Depois do frango e da carne cultivada, a mais recente inovação é o arroz "carnudo", que consiste no cultivo de músculos e células de gordura animal dentro dos grãos de arroz. O método, publicado recentemente na revista Matter, resulta num alimento híbrido nutritivo e saboroso que, uma vez comercializado, poderá oferecer uma alternativa proteica mais acessível e com menor pegada de carbono.


“Imagine obter todos os nutrientes de que precisamos a partir de arroz proteico cultivado em células”, diz o primeiro autor Sohyeon Park, que conduziu o estudo sob a orientação do autor correspondente Jinkee Hong na Universidade Yonsei, na Coreia do Sul, em comunicado.


“O arroz já tem um alto nível de nutrientes, mas adicionar células de gado pode aumentá-lo ainda mais", completa.


Nos animais, as estruturas biológicas ajudam a orientar e apoiar o crescimento tridimensional das células para formar tecidos e órgãos. Para cultivar carne cultivada em células, a equipe imitou esse ambiente celular – usando arroz. Os grãos de arroz são porosos e possuem estruturas organizadas, proporcionando uma estrutura sólida para abrigar células de origem animal. Certas moléculas encontradas no arroz também podem nutrir e promover o crescimento destas células, tornando o arroz uma plataforma ideal.


A equipe primeiro cobriu o arroz com gelatina de peixe, um ingrediente seguro e comestível que ajuda as células a aderirem melhor ao arroz. Em seguida, células-tronco de músculo e gordura de vaca foram semeadas no arroz e deixadas para cultura na placa de Petri por 9 a 11 dias. O produto final é um arroz bovino cultivado em laboratório com ingredientes que atendem aos requisitos de segurança alimentar e apresentam baixo risco de desencadear alergias alimentares.

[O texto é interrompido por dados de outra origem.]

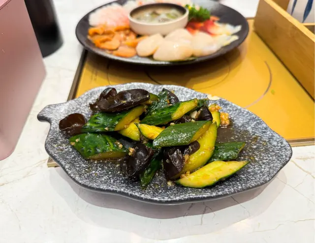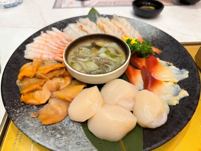 睇左menu後就揀左椰子雞火鍋,一開頭會送一個刺身拼盤,雖然無得追加,但份量兩個人食黎講已非常足夠,分別有帶子、赤貝、北寄貝、刺身蝦,帶子尤其出色,係珍寶size。
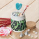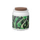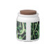 White Porcelain candy jar with a whimsical image of shamrocks on the wind with an occasional four-leaf clover for good luck, on black. See matching espresso cup, flask, mug, pitcher, paper plate, teapot and coasters. See the entire St. Patrick's Day Candy Jar collection in the FOOD/BEV | Dishes section.
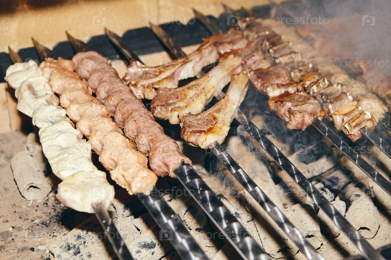 Шашлык на шпажках из разных видов мяса жарится на гриле

Para caracterizar o arroz bovino híbrido, os pesquisadores o cozinharam no vapor e realizaram diversas análises da indústria alimentícia, incluindo valor nutricional, odor e textura. As descobertas revelaram que o arroz híbrido tem 8% mais proteína e 7% mais gordura do que o arroz normal. Comparado com a típica textura pegajosa e macia, o arroz híbrido era mais firme e quebradiço. O arroz híbrido com maior teor de músculo apresentou compostos de odor relacionados à carne bovina e amêndoa, enquanto aqueles com maior teor de gordura apresentaram compostos correspondentes a creme, manteiga e óleo de coco.


“Normalmente obtemos a proteína que necessitamos da pecuária, mas a produção pecuária consome muitos recursos e água e liberta muitos gases com efeito de estufa”, diz Park.


O produto da equipe tem uma pegada de carbono significativamente menor por uma fração do preço. Para cada 100 g de proteína produzida, estima-se que o arroz híbrido libere menos de 6,27 kg de CO2, enquanto a carne bovina libera 49,89 kg. Se comercializado, o arroz híbrido poderá custar cerca de US$ 2,23 o quilo, enquanto a carne bovina custará US$ 14,88.


Dado que o arroz de carne híbrido apresenta baixos riscos de segurança alimentar e um processo de produção relativamente fácil, a equipe está otimista quanto à comercialização do produto. Mas antes que o arroz chegue às prateleiras dos supermercados e aos nossos estômagos, a equipe planeja criar melhores condições no grão de arroz para que as células musculares e de gordura prosperem, o que pode aumentar ainda mais o valor nutricional.


“Não esperava que as células crescessem tão bem no arroz. Agora vejo um mundo de possibilidades para este alimento híbrido à base de grãos. Poderia um dia servir como ajuda alimentar para a fome, ração militar ou até mesmo comida espacial.”, conclui o pesquisador.